The third section is critical—even in GOST, data sources aren’t always clear. A synopsis locks them down upfront, preventing missing pieces.
For document packages, create a single master synopsis listing: template/standard, title, purpose, and document code.
Benefits for Non-Standard Documents
Without reference examples, writing documentation from scratch is daunting. A synopsis clarifies:
- Purpose: who it’s for, why it exists, and in what scenarios.
- Information Scope: aligned with project goals.
- Logical Organization: grouping by functional blocks.
Best practice: share the synopsis with the client as an MVP. This shows you’ve grasped the task, gathers feedback early, and prevents costly rework later. Feedback is rare but timely when it comes.
Key Takeaways
- Reduces development time by 20–30% through upfront planning.
- Minimizes omissions with clearly defined sources and content.
- Simplifies client approval—clients see the plan in advance.
- Works across all contexts: GOST-compliant, custom, or document bundles.
- Limits nesting to 5 levels for better navigation.

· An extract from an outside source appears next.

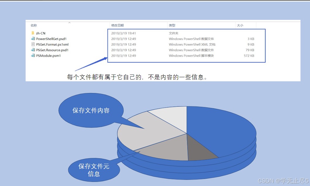 比如你在电脑上看到的“PSGet.Format.ps1xml”文件,它的元信息就包括“修改日期 2019/3/19”“类型 Windows PowerShell 数据文件”“大小 9KB”,这些信息和文件内容是分开保存的。

Integrating into Your Workflow
Implementation tip: draft a synopsis in 1–2 hours before starting the full specification or specs. For senior developers, it’s a quality control tool. In teams, assign one synopsis per document package, then proceed with parallel content creation.
Example workflow:
- Analyze project requirements.
- Draft the synopsis (1 day).
- Get client sign-off (0.5 day).
- Populate content (main phase).
- Review and finalize.
This reduces revision cycles during review.